Why this all goes on is to adjust the brood size to best match the available food resources in any one year, which is variable and often unpredictable. It is best from an evolutionary perspective to reduce brood size as quickly as possible so that resources are not wasted on the chick that eventually dies. If brood reduction did not occur you could have the possibility of all the chicks in the brood being malnourished in poor food years, possibly resulting in zero production of young that year.
By the way, it could equally have been the father egret that did the deed.
Last edited by John Chardine; 07-20-2009 at 06:46 AM.

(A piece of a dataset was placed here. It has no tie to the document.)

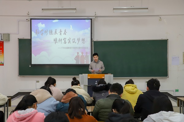 (翔宇网3月22日电 记者 崔亚楠)为进一步推动我校“勤学 修德 明辨 笃行”主题教育月活动的开展,让同学了解学院、班级主题教育月的活动安排,在主题教育月乃至以后的学习生活中,更好的理解并落实习总书记的八字方针,淮阴师范学院数科学院1706班全体同学在3月22日,于理工楼101教室开展“勤学修德展青春 明辨笃实筑梦想”主题班会暨动员大会。

Sad, but I agree with John that this is fascinating. I also have not witnessed or read of a parent bird actively reducing the brood size. Very interesting.
There's a fascinating example of this behavior on the BBC's Life of Birds, a must view for any birder. It's the footage showing (I believe it's) a Coot killing off it's own young. Gruesome, but fascinating!
Common Loon adults will attack one of their chicks until they drive it up on land where they usually die. A sibling will attack as well. I'm not saying the adult and sibling attack at the same time. My father watched an adult attack one of its chicks and never felt the same about loons again.
A rehabilitator friend of mine was the first person to ever raise a Common Loon chick that had been driven off. It had many wounds on its head when it arrived at the centre.